_GOAL OF THE EXERCISE:_ Everything from the line containing "穿过松萝密布的原始森林,到达" to the last line of the material below must be retyped exactly, both ends included; skip the pictures.

_RECORDED INFORMATION:_
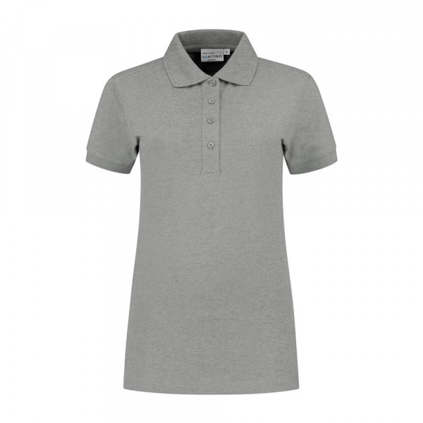 Poloshirt, 50% polyester / 50% lange vezel katoen, 220 gr/m², pique, ladies fit met polo-ribkraag en 4-knoopsluiting, korte mouwen met ribmanchet, splitjes in zijnaad, schouders voorzien van een dubbele laag stof voor extra versteviging, halve maan en anti-microbiële afwerking. (Sport grey is melange: 85% gekamd katoen / 15% viscose).
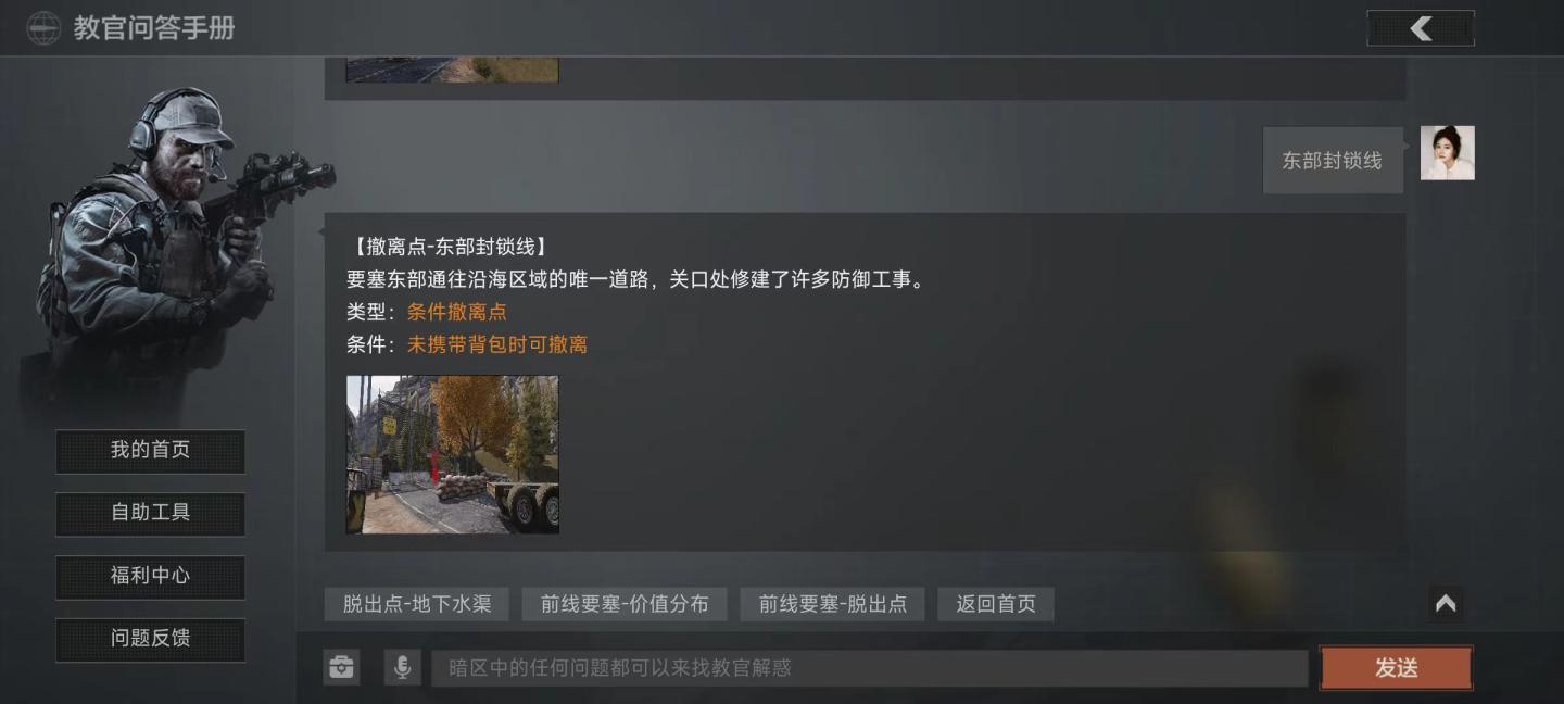 首先是东部封锁线,撤离方法是未携带背包就可以撤离
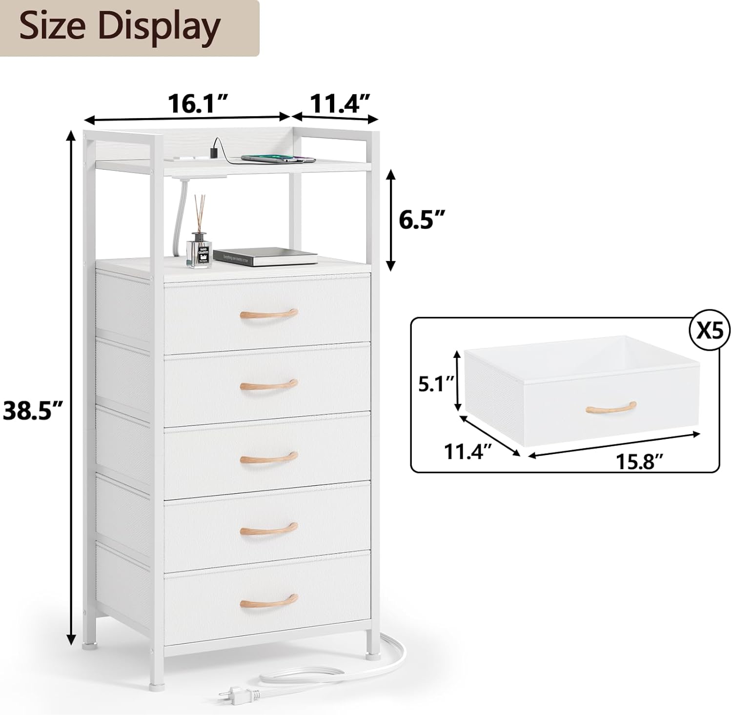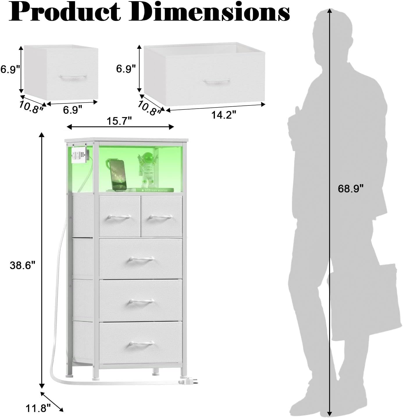 Furnulem White Nightstand with Storage Drawer, Tall Dresser for Bedroom with Led Light and Charging Station, Side Table Nightstand for Closet, Fabric Bins, Metal Frame, Wood Shelf(White)
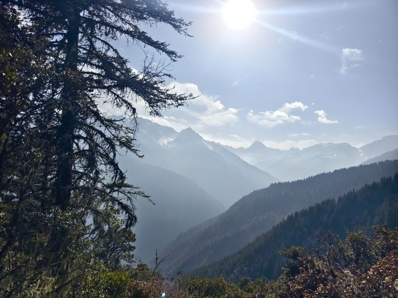 穿过松萝密布的原始森林,到达斯博迪高山牧场,成群的牛羊、远处的雪山,构成一幅绝美和谐的画面。
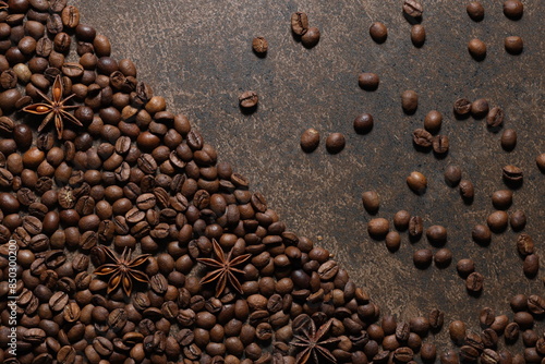 Coffee beans scattered on a textured brown background. View from above. Flat lay

_ANSWER BOX:_
 穿过松萝密布的原始森林,到达斯博迪高山牧场,成群的牛羊、远处的雪山,构成一幅绝美和谐的画面。
 Coffee beans scattered on a textured brown background. View from above. Flat lay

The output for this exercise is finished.